Surface rare or difficult groups

The challenging-group summary is useful for small populations that do not form an obvious island in UMAP but still look unstable in neighbor structure or silhouette space.

knitr::kable(challenging_tbl, digits = 3)
seurat_clusters n_cells fraction_cells median_neighbor_purity mean_neighbor_purity graph_connectivity mean_silhouette separation_score challenge_score rare_group challenging_group
2 45 0.225 0.879 0.843 1 -0.013 0.791 0.209 TRUE FALSE
4 26 0.130 0.871 0.811 1 0.180 0.820 0.180 TRUE FALSE
1 46 0.230 1.000 0.995 1 0.178 0.863 0.137 TRUE FALSE
0 55 0.275 0.909 0.859 1 0.393 0.869 0.131 FALSE FALSE
3 28 0.140 1.000 0.980 1 0.367 0.895 0.105 TRUE FALSE

Score candidate rare cells directly

sn_detect_rare_cells() provides a cell-level complement to the group-level diagnostics. The native gini backend uses rare-gene enrichment to score cells, while optional backends such as Python-based scCAD can be used when installed locally.
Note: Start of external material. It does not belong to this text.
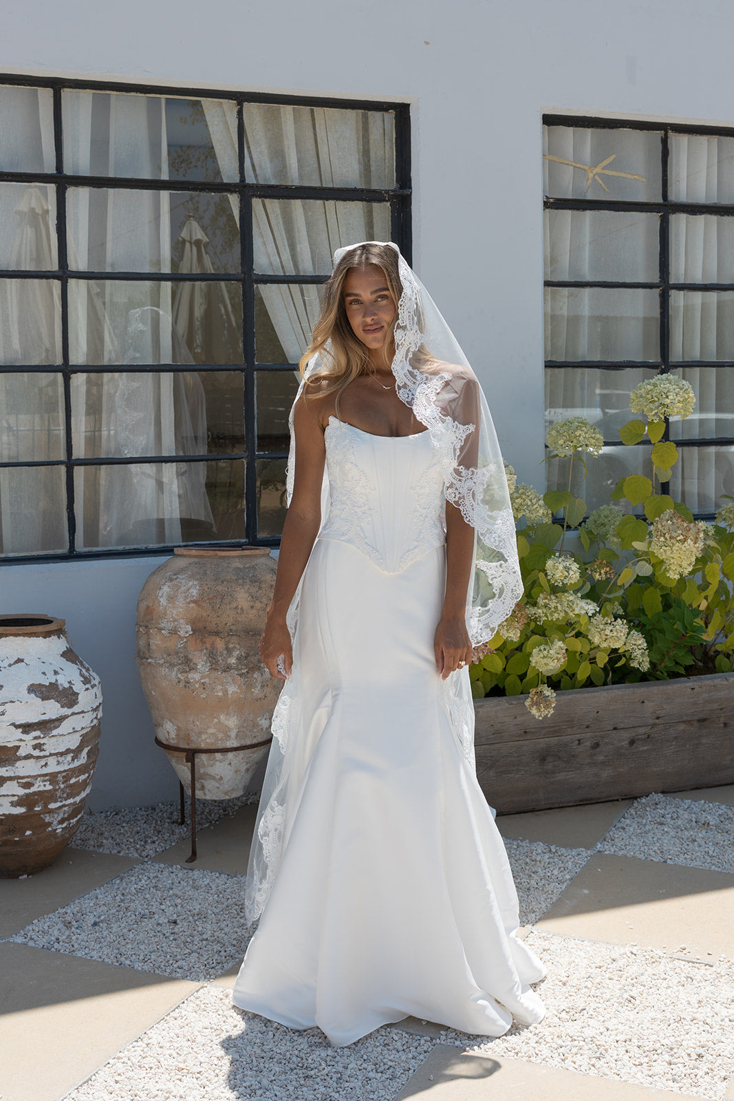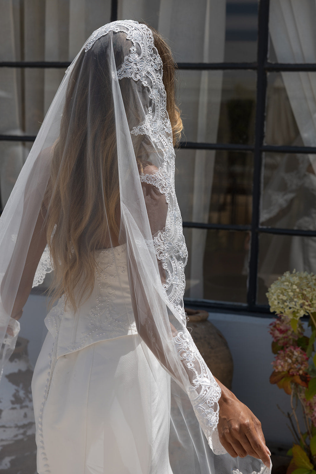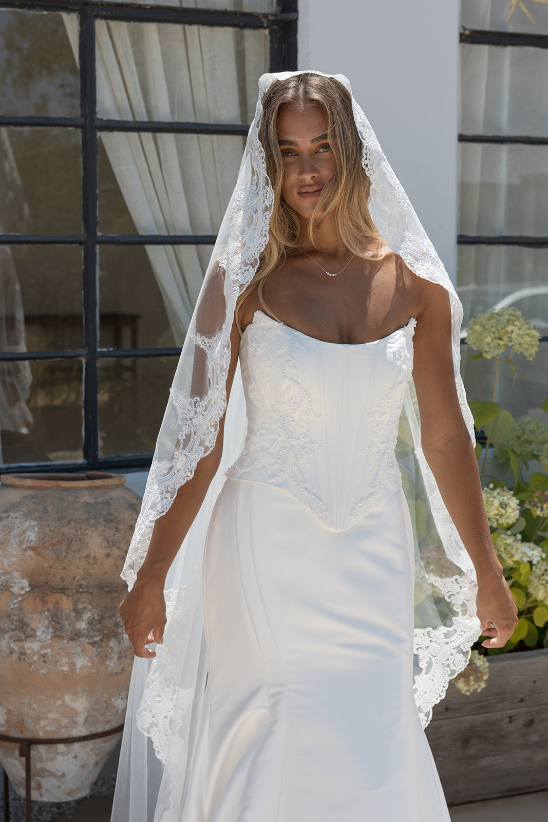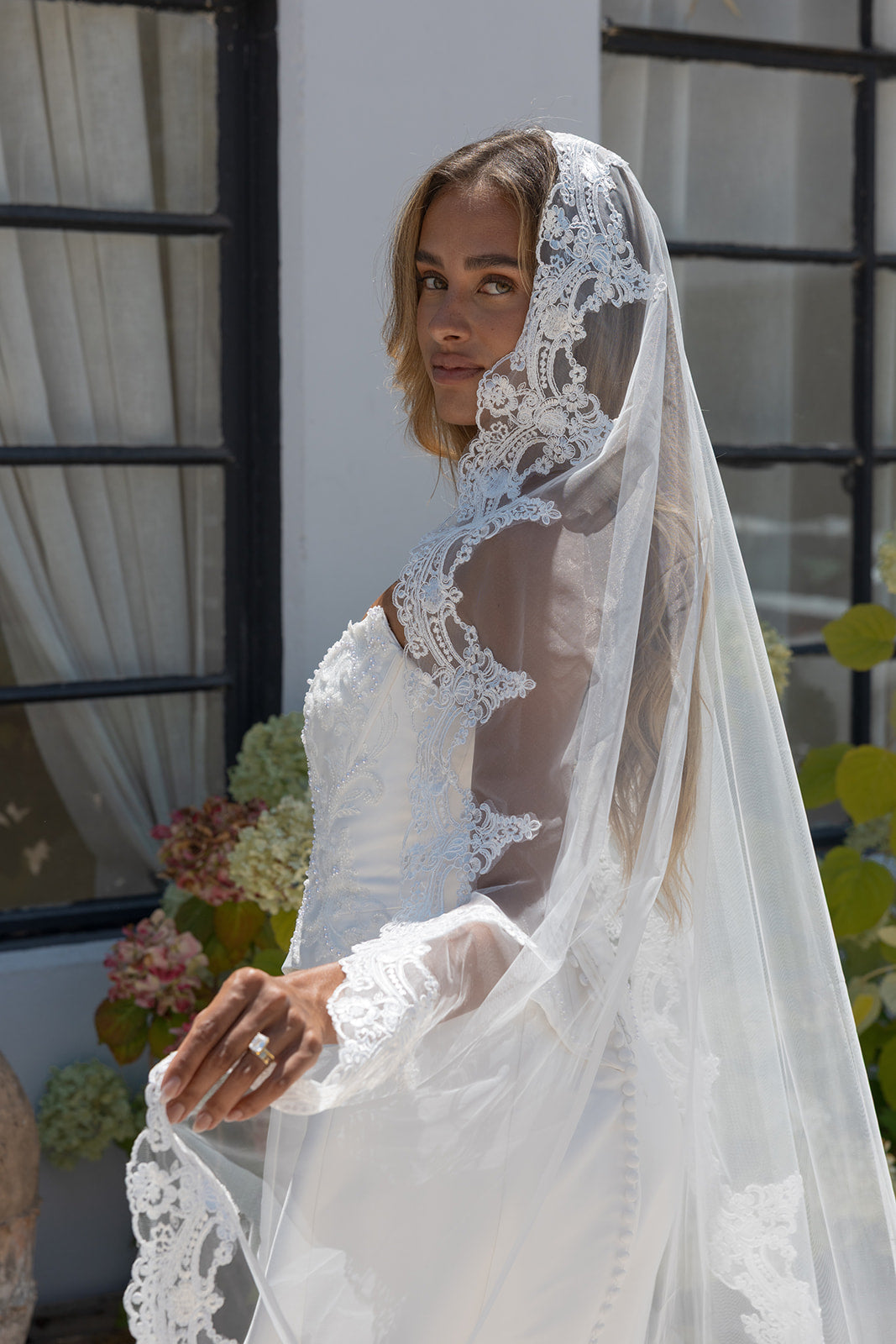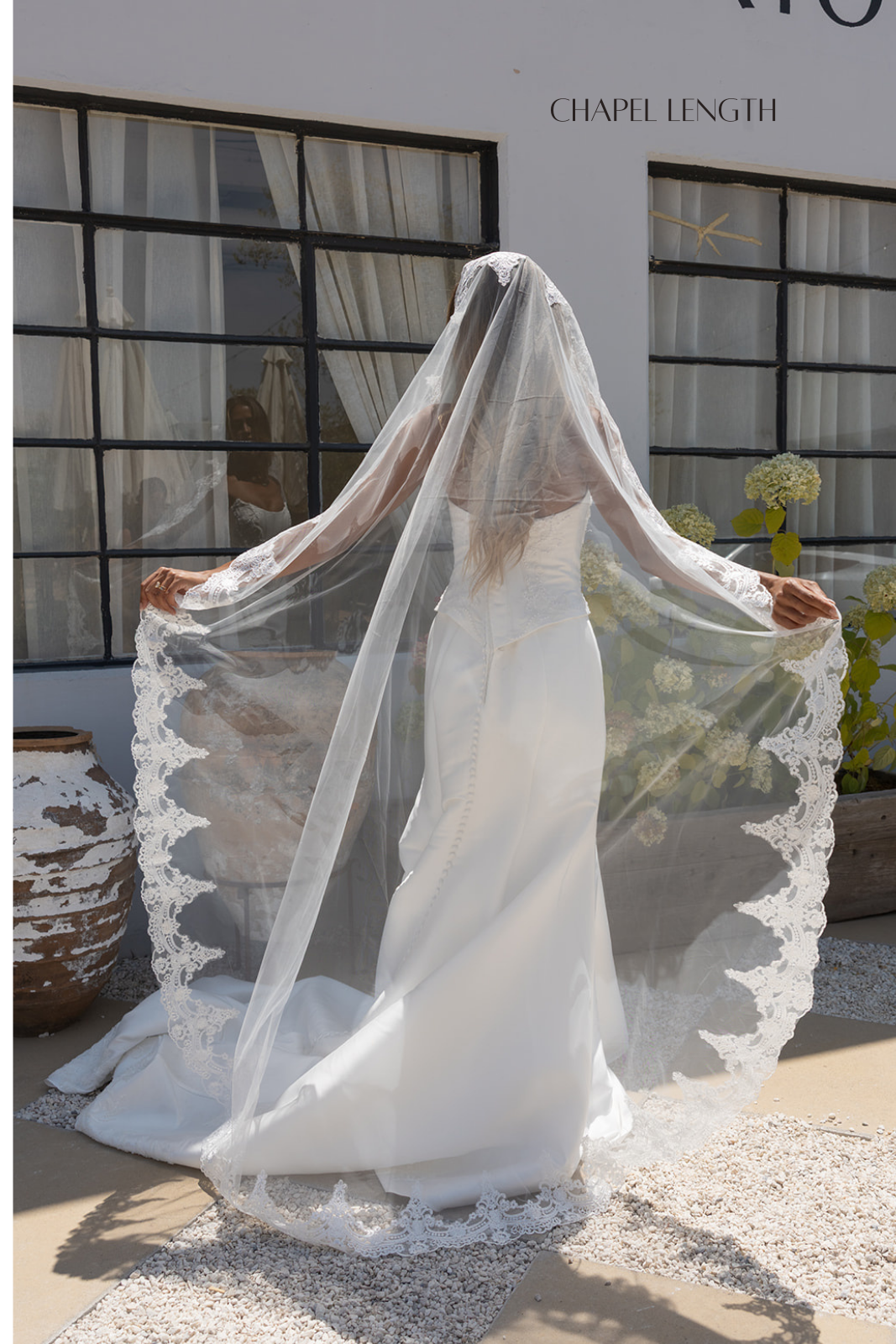 A romantic nod to timeless tradition, our Francesca Veil features a dramatic silhouette trimmed entirely in French lace. The lace has a slightly structured feel, allowing the edges to hold their shape beautifully for an elevated, regal finish.

knitr::kable(head(rare_tbl[order(rare_tbl$rare_score, decreasing = TRUE), ], 10), digits = 3)
cell_id method rare_score rare_cell
23 pbmc1k_CGAGAAGTCCAATGCA-1 gini 6.185 TRUE
51 pbmc1k_TCATATCCATGCTGCG-1 gini 5.830 TRUE
14 pbmc1k_TACCGGGTCCTCGATC-1 gini 5.448 TRUE
19 pbmc1k_GTGTGGCGTAAGTTGA-1 gini 5.082 TRUE
134 pbmc3k_TGGACCCTCATGGT-1 gini 4.814 TRUE
128 pbmc3k_GAGTTGTGGTAGCT-1 gini 4.222 TRUE
181 pbmc3k_TGACGATGCAAAGA-1 gini 4.219 TRUE
61 pbmc1k_CATTGAGAGGGACCAT-1 gini 4.186 TRUE
156 pbmc3k_GATATCCTCCCGTT-1 gini 4.148 TRUE
191 pbmc3k_TCAGACGACGTTAG-1 gini 3.914 TRUE

Inspect isolated-label preservation

sn_calculate_isolated_label_score() and the corresponding table inside sn_assess_integration() highlight low-frequency labels or clusters that remain well-separated after integration.

knitr::kable(isolated_tbl, digits = 3)
seurat_clusters n_cells fraction_cells mean_silhouette isolated_score isolated_label
4 26 0.130 0.180 0.590 TRUE
3 28 0.140 0.367 0.684 TRUE
2 45 0.225 -0.013 0.494 TRUE
1 46 0.230 0.178 0.589 TRUE
0 55 0.275 0.393 0.697 FALSE

Quantify batch mixing inside each cluster

Cluster entropy is a practical complement to LISI because it answers a simpler question: within a given cluster, are the batches actually mixed?

knitr::kable(entropy_tbl, digits = 3)
seurat_clusters n_cells n_labels dominant_label entropy normalized_entropy
1 46 2 pbmc3k 0.678 0.978
4 26 2 pbmc3k 0.690 0.996
2 45 2 pbmc1k 0.580 0.837
0 55 2 pbmc3k 0.212 0.305
3 28 2 pbmc3k 0.691 0.996

Add supervised metrics when labels are available

If you already have a trusted annotation column such as cell_type, you can extend the same workflow with supervised conservation metrics:

assessment <- sn_assess_integration(
  pbmc_integrated,
  batch = "sample",
  label = "cell_type",
  cluster = "seurat_clusters",
  reduction = "harmony",
  baseline_reduction = "pca"
)

That enables label_lisi, ARI/NMI, cluster purity against cell_type, and a more interpretable isolated-label summary.